According to a survey by the Department of Labor, the average U.S. consumer spends nearly $50,000 annually. Where do these dollars go? The portion that marketers are competing for is a small part of those expenditures. In order for today’s marketer to capture a portion of wallet share, they must have a deep understanding of the consumer and be able to anticipate their interests, needs and expectations. With this data in hand, marketers can reach consumers through targeted, relevant communications that speak directly to them and create unique customer experiences.
It's no surprise that consumer spending declined from 2008 to 2009 as the economy struggled. Consumer spending was down 11 percent last year, according to the Abacus Cooperative database. Several factors contributed to the decline, including fewer transactions per household and less spending per transaction.
Where consumers spent also shifted. Spending on apparel and home décor, for example, declined 12 percent each in 2009. Consumers spent 3 percent less on children’s products and 4 percent less on gifts last year. Marketing has changed more in the past five years than the past 50 years. Consumers are in control and choose when and where they want to interact with brands and receive communications. Therefore, it's critical that marketers understand customer channel preferences and behaviors within each channel. Campaigns should be strategic and used in conjunction with other channels for a fully integrated approach.

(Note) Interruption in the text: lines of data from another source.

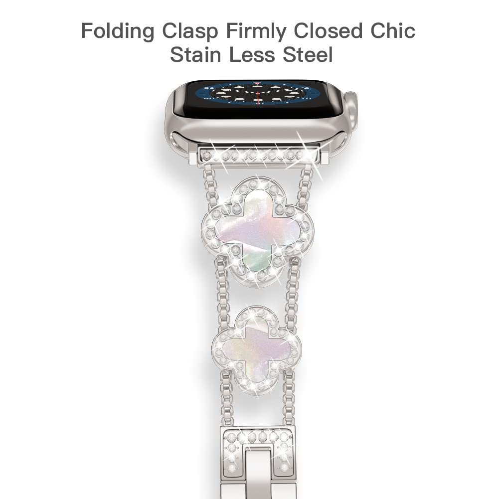 Unique Design] This Luxury Apple Watch Band Features The Most Popular Four-Leaf Clover Design, It Symbolizes Luck And Hope This Rose Gold Apple Watch Band Uses Diamond-Encrusted Craftsmanship, Revealing Dignity And Elegance In Luxury Youll Get A Lot Of Compliments Because Of It, And Its The Perfect Combination Of Personality And Style Metal Apple Watch Band] This Diamond Apple Watch Band Made Of High-Quality Metal Material, With Shiny Rhinestone Decoration, Well Polished, The Surface Is Treated With High-Quality Protection Process, Waterproofsweat-Proof, Sturdy And Durable, Bringing You A Great Wearing Experience A Great Gift For All Kinds Of Watch Strap Lovers, Suitable For Different Outfits And Occasions Compatible Apple Watch] This Cute Apple Watch Band Is Compatible With All Apple Watch Models Bling Apple Watch Band Compatible With Apple Watch Band 38Mm 40Mm 41Mm 42Mm 44Mm 45Mm It Is Compatible With Series 7Series 6Series 5Series 4Series 3Series 2Series 1Se Easy Removal Link] The Slim Apple Band Can Be Resized Without Tools, You Can Easily Remove The Extra Apple Band Link By Hand, It Fits Wrist Size Of 53-75 Inches Fits Your Wrist Perfectly Perfect For Everyday Use, Holiday Parties, As A Gift For Weddings, Birthdays, Valentines Day, Mothers Day, Christmas, Thanksgiving, Etc Attentive Service] We Will Provide A 2-Year Quality Guarantee For This Product Any Time You Have Any Questions About This Apple Watch Band, You Can Contact Us At Any Time, And We Will Solve The Problem For You In Time
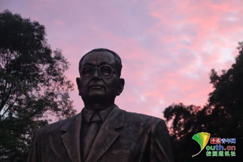 图为傍晚时,长塘仑小学内晚霞中的张国基先生铜像。 中国青年网通讯员 段新利 摄
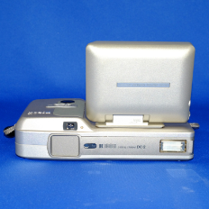 はじめのころのディジタルカメラは,画質を語ることがナンセンスなレベルだった。そのためか,パーソナルコンピュータとの連携を主張したり,フィルムカメラでは考えられないようなデザインのものが提案されきた。ディジタルカメラは「フィルム」という物体の形状に縛られないため,ディジタルカメラならではのさまざまな形態のものが可能だったのである。フィルムカメラでは考えられないくらい薄いボディのものや,レンズ部分が回転するもの,あるいはレンズが中央付近から大きくずれた位置にあるものなど,さまざまな工夫の結果である。
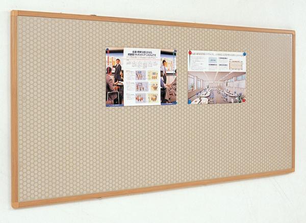 | 板面にパンチングメタルを圧着した表面構造なので、マグネット・押しピン・セロテープなどを使って掲示物の保持力が抜群です。パンチングメタル穴に合わせて掲示物をすぐに貼れます。 |
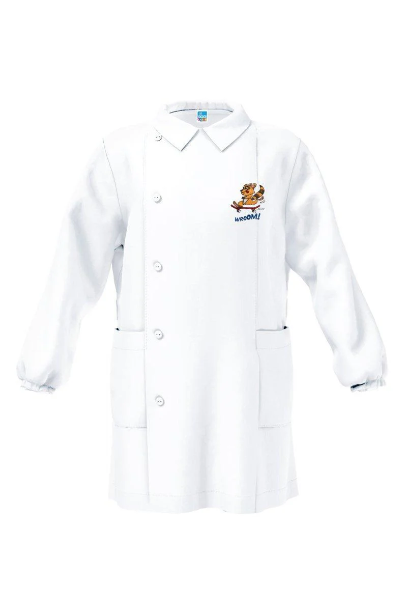 Grembiule asilo bianco bambino con abbottonatura laterale Siggi ricamo Vroom 3894
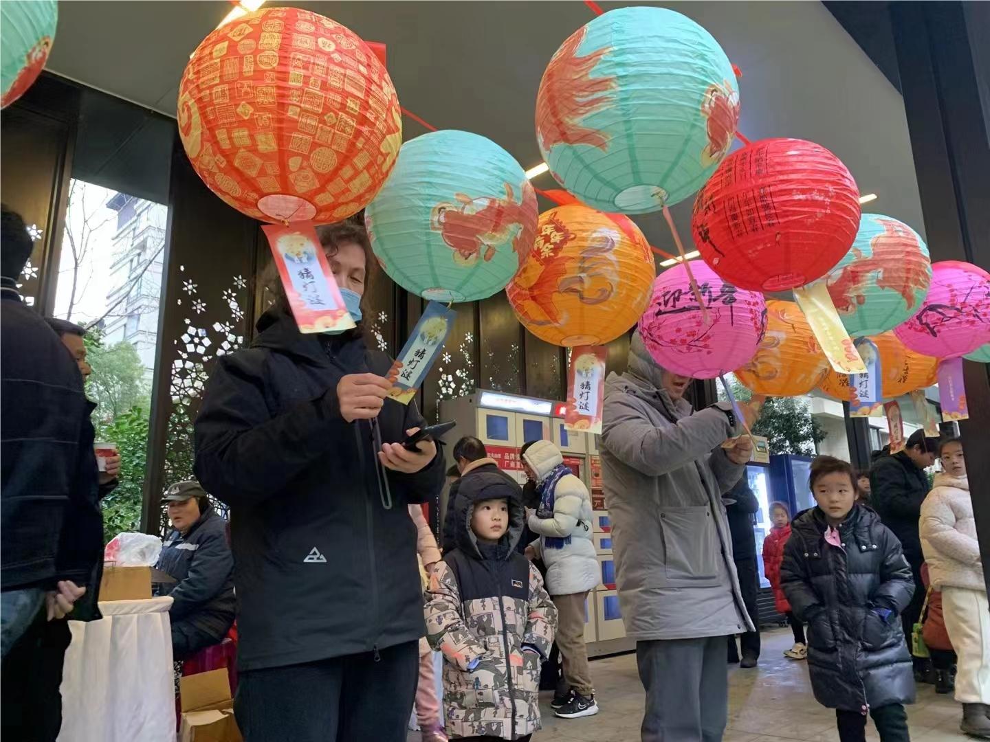 “太阳西边下,月儿东边挂——猜一字答案是啥?”“是 ‘明’,‘明’亮的‘明’,对不对?”“真聪明,小朋友,这个卡通灯笼送给你啦!”“男女老少赏花灯,其乐融融庆佳节——打一节日。”“元宵节!”“对啦!”元宵节当天,庄桥街道天沁社区在枫华里小区中庭开展了一场热热闹闹的主题为“祥龙迎春到,喜乐闹元宵”元宵节新春集市活动,让社区居民过一个热闹祥和的元宵节、充分享受节日的浓厚气氛,同时促进邻里情谊,增进社区的凝聚力和和谐度。
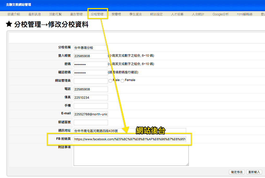 北聯官網修改:分校簡介頁面:優先製作:與王主任溝通過後:

A successful marketing campaign can be built on an understanding of where, when and why consumers shop. We’ve seen a notable shift in the channel of purchase over the past three years. In 2006, 35 percent of purchases took place via phone, fax or mail vs. 28 percent in 2009. Online transactions have grown from 36 percent in 2006 to 43 percent in 2009. While the internet continues to grow as the preferred channel of purchase, marketers should test a combination of offline and online activity.